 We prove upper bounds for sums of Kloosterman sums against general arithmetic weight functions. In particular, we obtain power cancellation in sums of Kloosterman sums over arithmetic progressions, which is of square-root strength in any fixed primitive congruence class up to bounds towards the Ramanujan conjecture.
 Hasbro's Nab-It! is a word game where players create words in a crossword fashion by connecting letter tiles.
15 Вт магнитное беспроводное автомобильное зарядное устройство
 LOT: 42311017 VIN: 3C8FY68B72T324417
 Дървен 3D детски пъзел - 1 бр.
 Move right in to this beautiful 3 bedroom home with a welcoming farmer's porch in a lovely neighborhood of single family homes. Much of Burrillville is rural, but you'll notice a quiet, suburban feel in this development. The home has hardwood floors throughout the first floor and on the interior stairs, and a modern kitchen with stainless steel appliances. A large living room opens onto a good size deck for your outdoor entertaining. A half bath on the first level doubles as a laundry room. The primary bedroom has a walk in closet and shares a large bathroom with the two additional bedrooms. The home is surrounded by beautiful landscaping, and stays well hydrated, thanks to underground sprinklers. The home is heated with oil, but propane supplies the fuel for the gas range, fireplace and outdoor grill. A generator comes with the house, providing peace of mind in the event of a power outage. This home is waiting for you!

■ ■ ■ ■ ■ ■ ■

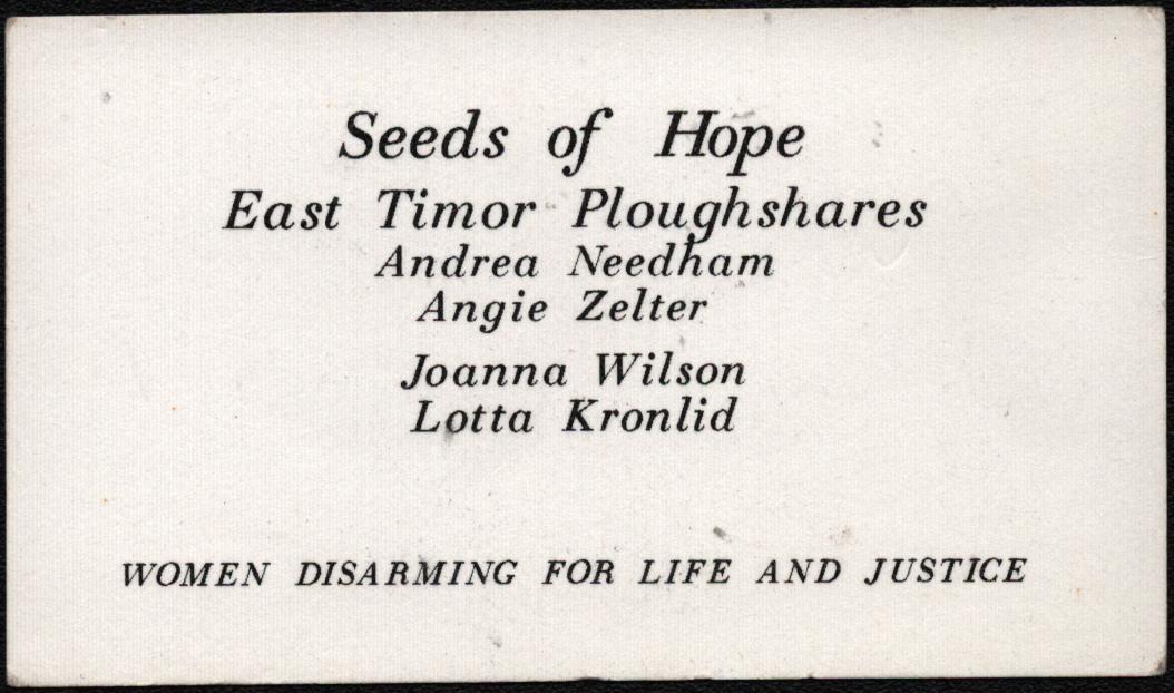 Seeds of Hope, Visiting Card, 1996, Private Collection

■ ■ ■ ■ ■ ■ ■

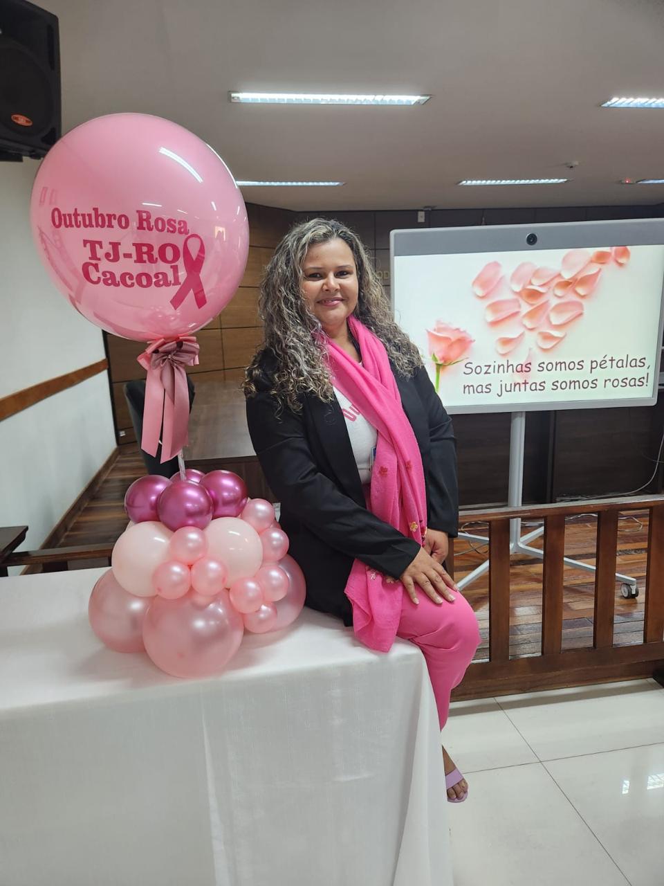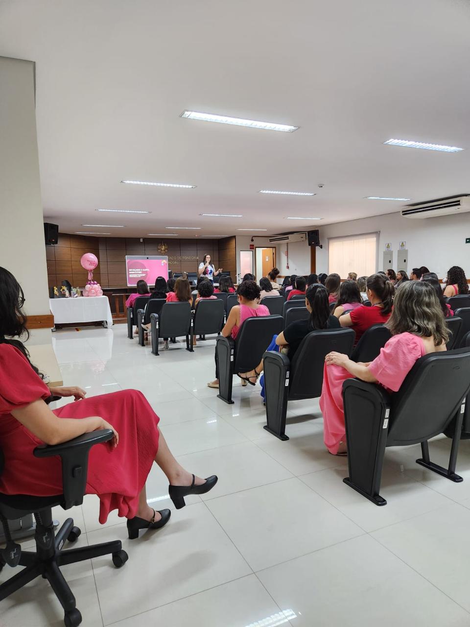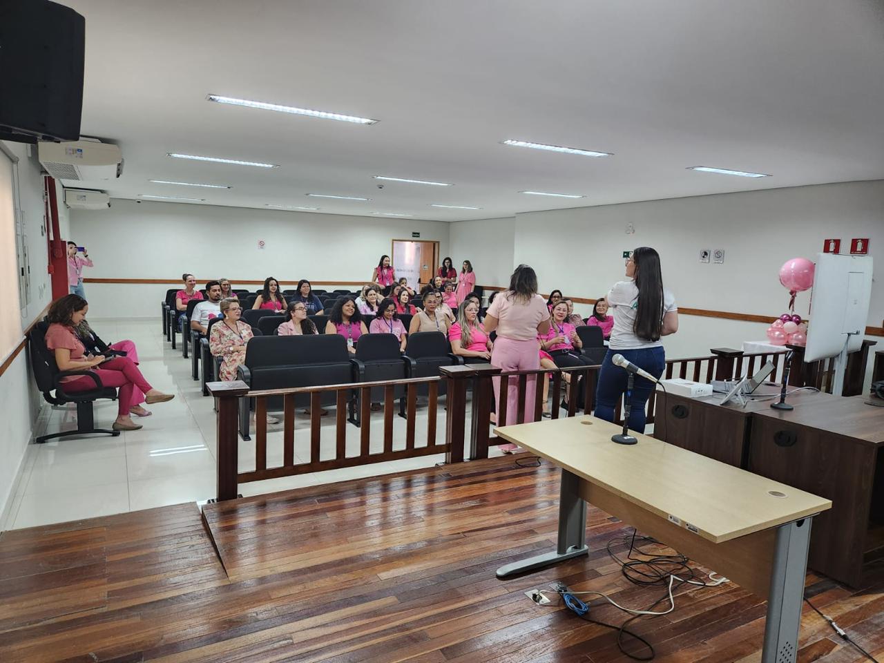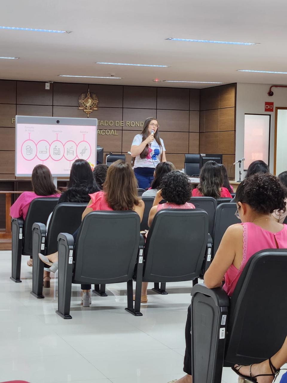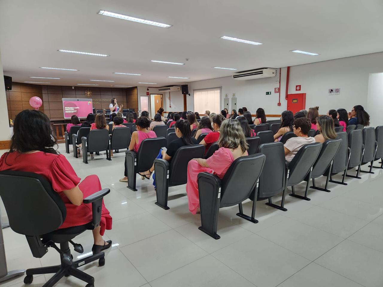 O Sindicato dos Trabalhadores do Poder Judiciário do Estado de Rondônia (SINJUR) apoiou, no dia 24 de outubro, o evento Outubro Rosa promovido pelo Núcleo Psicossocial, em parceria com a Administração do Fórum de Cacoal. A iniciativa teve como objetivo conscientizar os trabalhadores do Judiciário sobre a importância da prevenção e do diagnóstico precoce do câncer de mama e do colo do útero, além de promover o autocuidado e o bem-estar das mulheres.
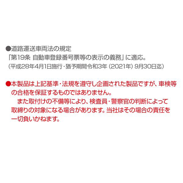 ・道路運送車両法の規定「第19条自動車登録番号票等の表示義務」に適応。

■ ■ ■ ■ ■ ■ ■

> Task prompt:
The required answer is the exact run of lines above starting at the line with "We prove upper" and ending at the line with "15 Вт магнитное", with both ends present.

> Written solution:
 We prove upper bounds for sums of Kloosterman sums against general arithmetic weight functions. In particular, we obtain power cancellation in sums of Kloosterman sums over arithmetic progressions, which is of square-root strength in any fixed primitive congruence class up to bounds towards the Ramanujan conjecture.
 Hasbro's Nab-It! is a word game where players create words in a crossword fashion by connecting letter tiles.
15 Вт магнитное беспроводное автомобильное зарядное устройство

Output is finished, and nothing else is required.